### Exercise
Every entry is to be returned as it stands, apart from the pictures.

[Records excerpted from a collection]
Content starts

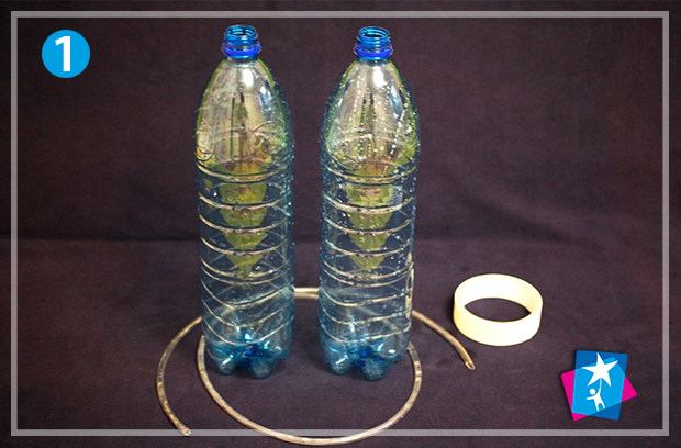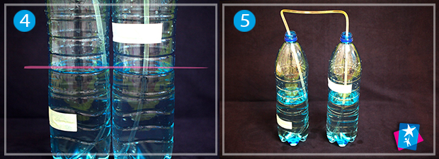 Поставимо пару пластикових пляшок разом. У праву наллємо приблизно літр води, у ліву — півлітри. Для наочності позначимо рівні малярним скотчем. Далі наші посудини треба сполучити. Для цього вставляємо кінці трубок у горлечка пляшок, опускаємо до самого дна. Спочатку у трубці знаходиться повітря, яке не змішується з водою і не дає рідині рухатись. Нам треба заповнити трубку водою: затискаємо пальцями трубку і перекриваємо вихід повітря з правої пляшки. Далі натискаємо на пластикові стінки правої пляшки. Трубка заповнюється водою — і ми отримуємо сполучені посудини.
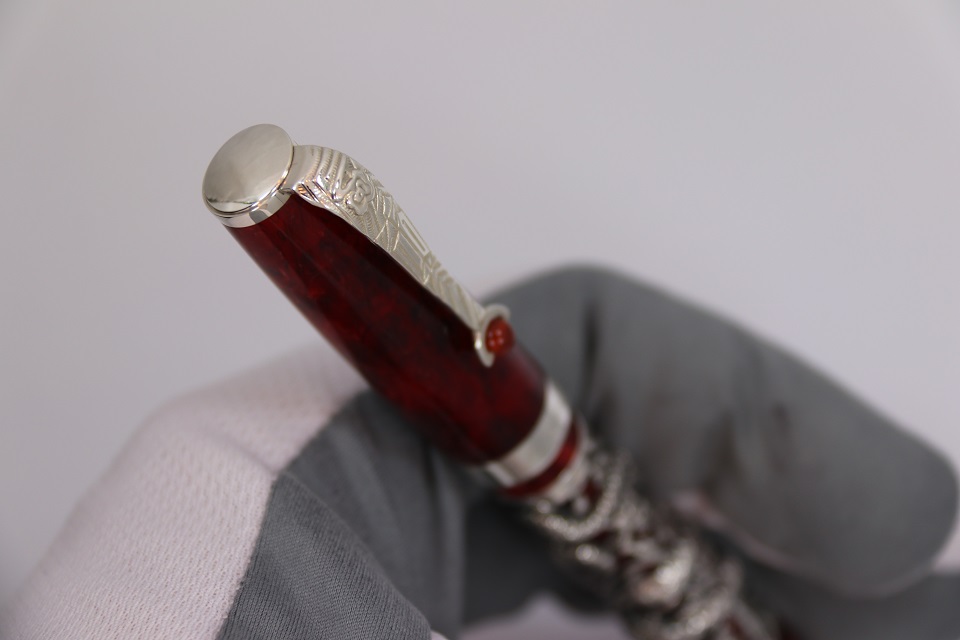Корпус ручки выполнено из смолы особой текстуры «Pietra» («камень» на итальянском) глубокого красно-коричневого оттенка. Вращающийся шарик на конце клипа – фирменный штрих Montegrappa - выполнен из полудрагоценного камня сердолика.
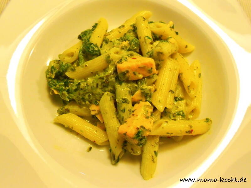 Lachs mit Penne und Bärlauchfrischkäse-Spinat-Soße
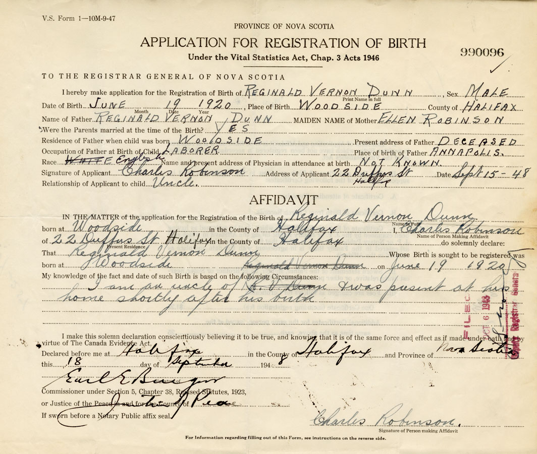 I hereby make application for the Registration of Birth of Reginald VernonDunn Sex Male
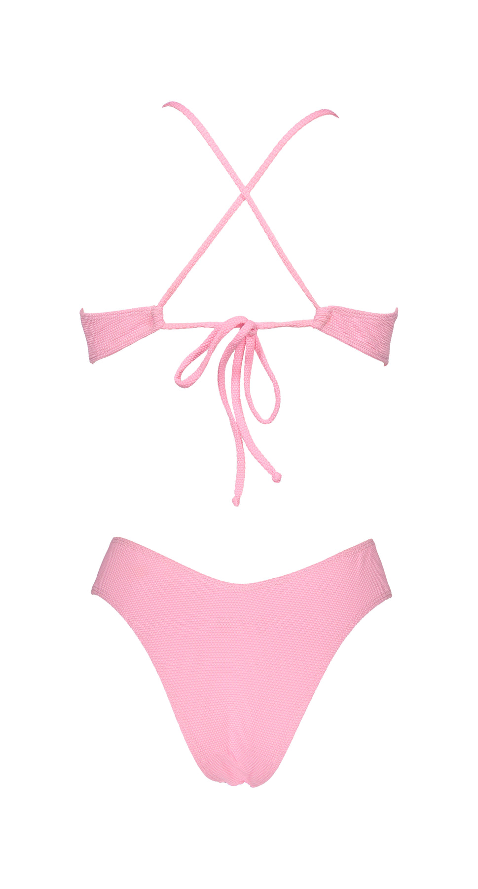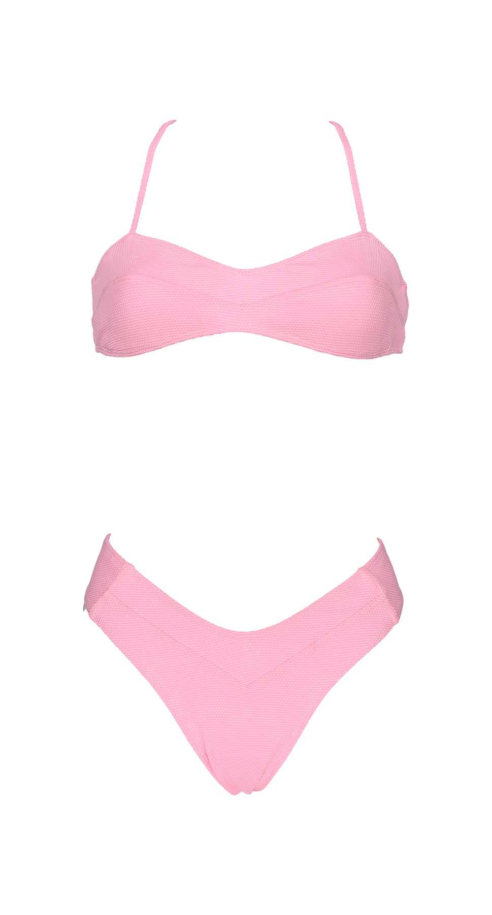 Top with classic triangle design and removable bows. It closes at the back with a bow and adjustable straps. No rims. With opening for removable cups.
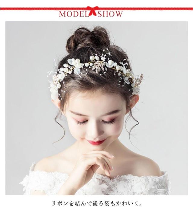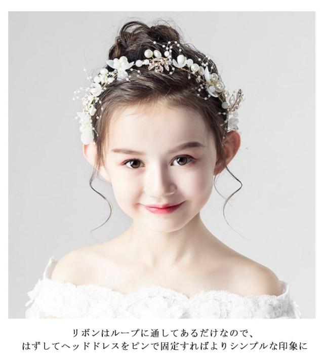 ビジュー付きフラワーティアラ リボンカチューシャ ヘッドドレス アクセサリー カチューシャ ヘアアクセサリー ヘアアレンジ 子供 キッズ用 女の子 発表会 コンクール
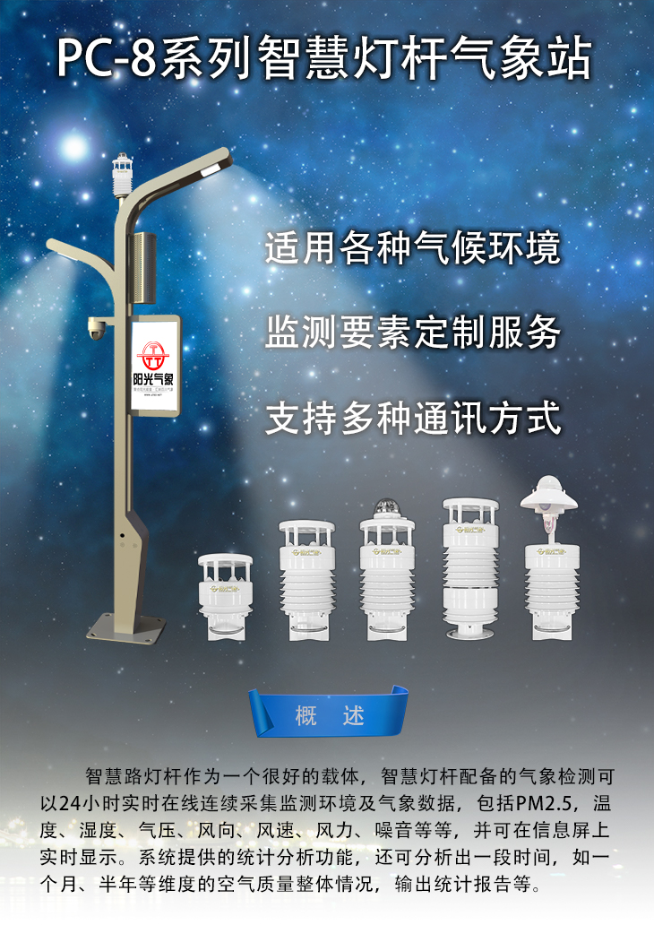 智慧路燈桿作為一個很好的載體,智慧燈桿配備的氣象檢測可以24小時實時在線連續(xù)采集監(jiān)測環(huán)境及氣象數(shù)據(jù),包括PM2.5,溫度、濕度、氣壓、風(fēng)向、風(fēng)速、風(fēng)力、噪音等等,并可在信息屏上實時顯示。系統(tǒng)提供的統(tǒng)計分析功能,還可分析出一段時間,如一個月、半年等維度的空氣質(zhì)量整體情況,輸出統(tǒng)計報告等。

Content ends

### Answer area
 Поставимо пару пластикових пляшок разом. У праву наллємо приблизно літр води, у ліву — півлітри. Для наочності позначимо рівні малярним скотчем. Далі наші посудини треба сполучити. Для цього вставляємо кінці трубок у горлечка пляшок, опускаємо до самого дна. Спочатку у трубці знаходиться повітря, яке не змішується з водою і не дає рідині рухатись. Нам треба заповнити трубку водою: затискаємо пальцями трубку і перекриваємо вихід повітря з правої пляшки. Далі натискаємо на пластикові стінки правої пляшки. Трубка заповнюється водою — і ми отримуємо сполучені посудини.
Корпус ручки выполнено из смолы особой текстуры «Pietra» («камень» на итальянском) глубокого красно-коричневого оттенка. Вращающийся шарик на конце клипа – фирменный штрих Montegrappa - выполнен из полудрагоценного камня сердолика.
 Lachs mit Penne und Bärlauchfrischkäse-Spinat-Soße
 I hereby make application for the Registration of Birth of Reginald VernonDunn Sex Male
 Top with classic triangle design and removable bows. It closes at the back with a bow and adjustable straps. No rims. With opening for removable cups.
 ビジュー付きフラワーティアラ リボンカチューシャ ヘッドドレス アクセサリー カチューシャ ヘアアクセサリー ヘアアレンジ 子供 キッズ用 女の子 発表会 コンクール
 智慧路燈桿作為一個很好的載體,智慧燈桿配備的氣象檢測可以24小時實時在線連續(xù)采集監(jiān)測環(huán)境及氣象數(shù)據(jù),包括PM2.5,溫度、濕度、氣壓、風(fēng)向、風(fēng)速、風(fēng)力、噪音等等,并可在信息屏上實時顯示。系統(tǒng)提供的統(tǒng)計分析功能,還可分析出一段時間,如一個月、半年等維度的空氣質(zhì)量整體情況,輸出統(tǒng)計報告等。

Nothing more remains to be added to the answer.